SANIELEVICI, HENRIC (1875–1951), Romanian literary critic and biologist. Born in Botoşani, Moldavia, Sanielevici pursued two entirely separate careers, one scientific and the other literary. His polemical gifts revealed themselves in the articles which he contributed – some under the pseudonym Hassan – to leading Romanian periodicals and newspapers. He held that literary works contained two types of phenomena: the sociological and the psychological. The former was to be clarified and coordinated on the basis of materialistic principles of history, the latter on what Sanielevici himself termed "differential psychology" and "the psycho-physiology of race." Sanielevici particularly opposed ultra-nationalistic tendencies in Romanian literary circles and from 1903 published critical essays and studies written in a vigorous and uncompromising spirit. The most important were collected in Incercaˇri critice (1903), Cercetări critice ṣi filosofice (1916), Studii critice (1920), and Alte cercetări critice ṣi filosofice (1925).
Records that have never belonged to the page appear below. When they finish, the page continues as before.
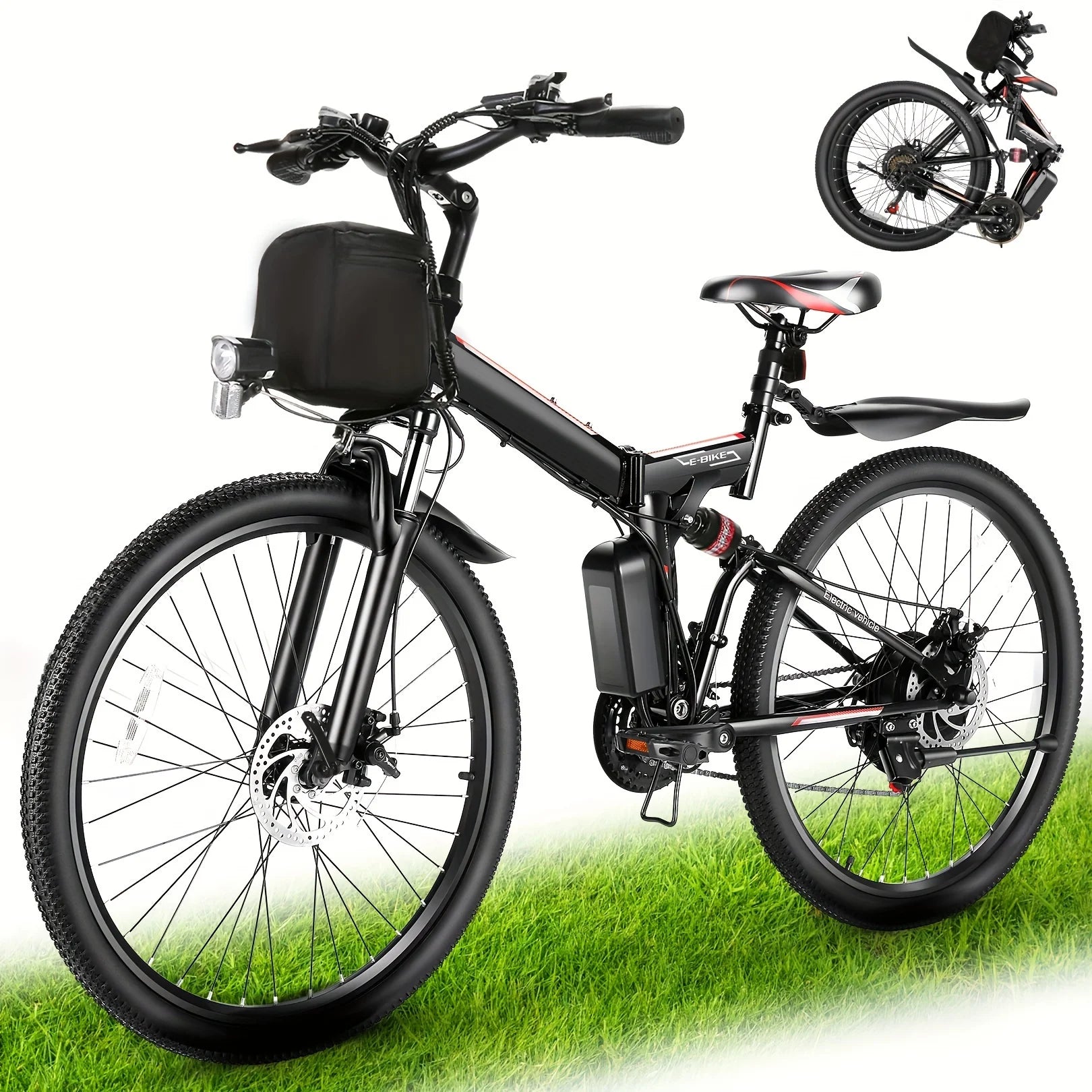 26" Folding Electric Bike for Adults, with 500W Motor,48V 20MPH Up to 50Miles Range, Cruise Control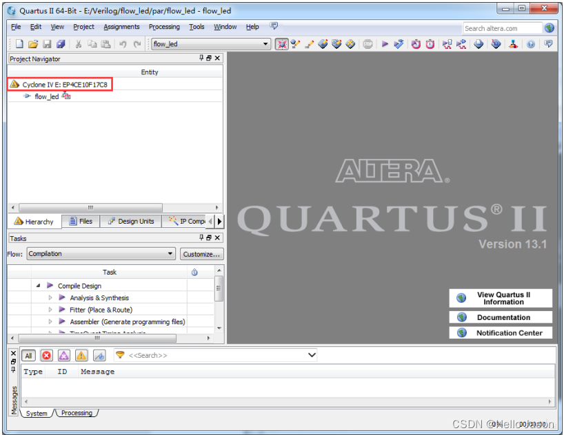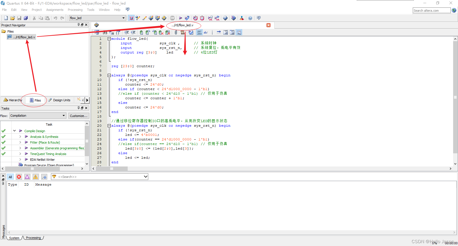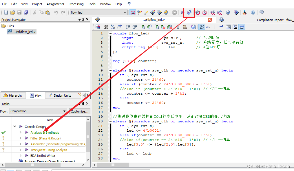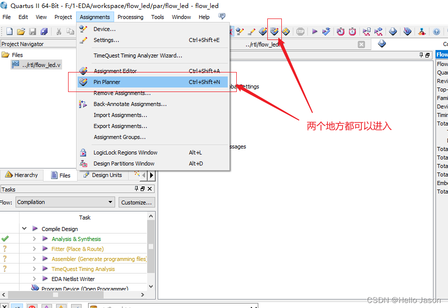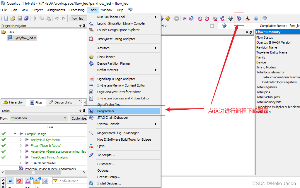 以上就是殷勤小猫咪最近收集整理的关于一、Quartus II软件的使用 一、打开软件二、新建工程 三、设计输入四、配置工程 五、分析与综合( 编译) 6、分配引脚七、 编译工程 八、下载程序九、固化程序的全部内容,更多相关一、Quartus内容请搜索靠谱客的其他文章。
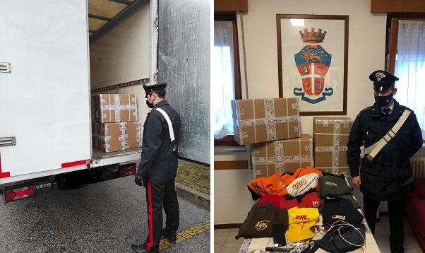 Si presentava con un furgone con targa contraffatta e con tanto di loghi delle principali aziende di spedizione sia sul furgone sia sulla divisa, oltre che con documenti contraffatti. Ritirava poi abiti di alta gamma e si dileguava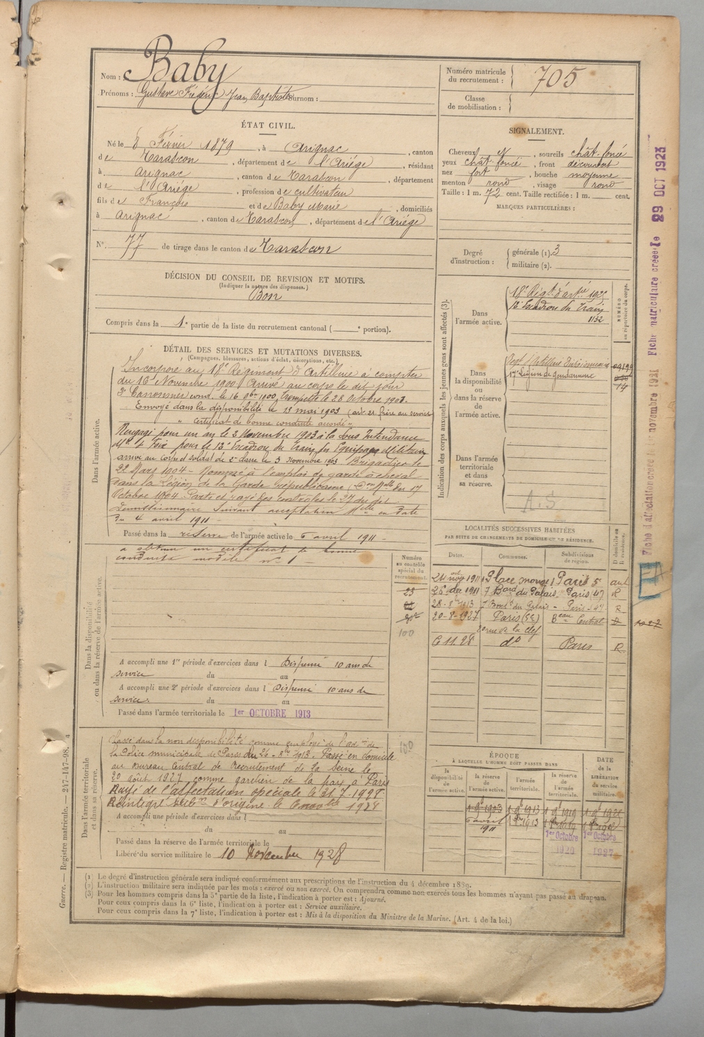 | Baby | Gustave Frédéric Jean Baptiste | FOIX | 1 R 457 | 1899 | Arignac | Arignac | 705 |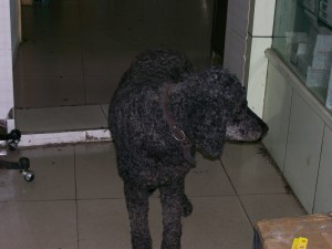 It seems that our big, black, poodle mix had been found 4 years ago at the tower by his friend. The poor thing was about 30 pounds, in very poor shape – just skin and bones and very weak. He was brought to the clinic where the 3-vet trio, Dr. Mao, Dr. Zhang and Dr. Huang, took care of him. He became a part of their medical family and has been here ever since.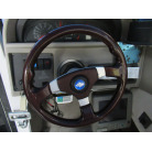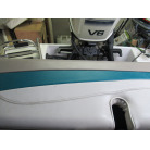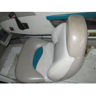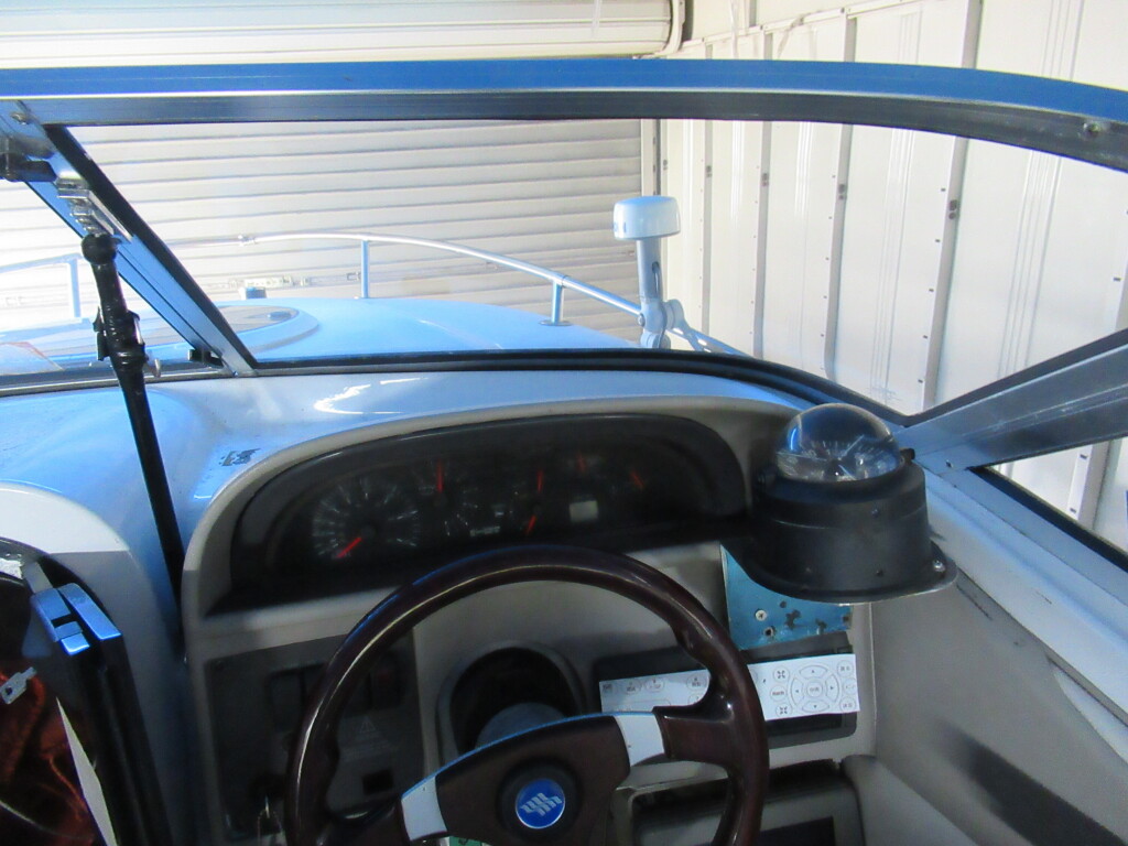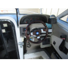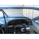 操船席周りは、カッコいい印象の木彫ハンドルやゲージ類が配置されています。操船席シートの状態は良好です。

Sanielevici's work as a biologist eventually led him to the issue of race. In La vie des mammifères et des hommes fossiles déchiffrée à l'aide de l'anatomie (1926), he examined and compared the organs of mastication and digestion in man and other mammals in order to explain the development of man and the ethnic diversity of mankind. Within a decade he had entered the fight against Nazi racial theories with his two-volume work In slujba Satanei ("In the Service of the Devil", 1930–35). Here he rejected the usual criteria of language and nation, and determined race solely according to anthropological type. He also endeavored to establish psychological constants that would explain national characteristics, thus setting forth a new theory of race and racial psychology. Though originally an advocate of Jewish assimilation, Sanielevici greatly modified his views after World War I.
P.P. Negulescu, in: Analele Academiei Române, 2nd. ser., 38 (1915–16); E. Lovinescu, Critice, 8 (1923), 117; G. Caˇlinescu, Istoria literaturii Române… (c. 1941), 569–70; idem, Ulysse (1967), 261–5.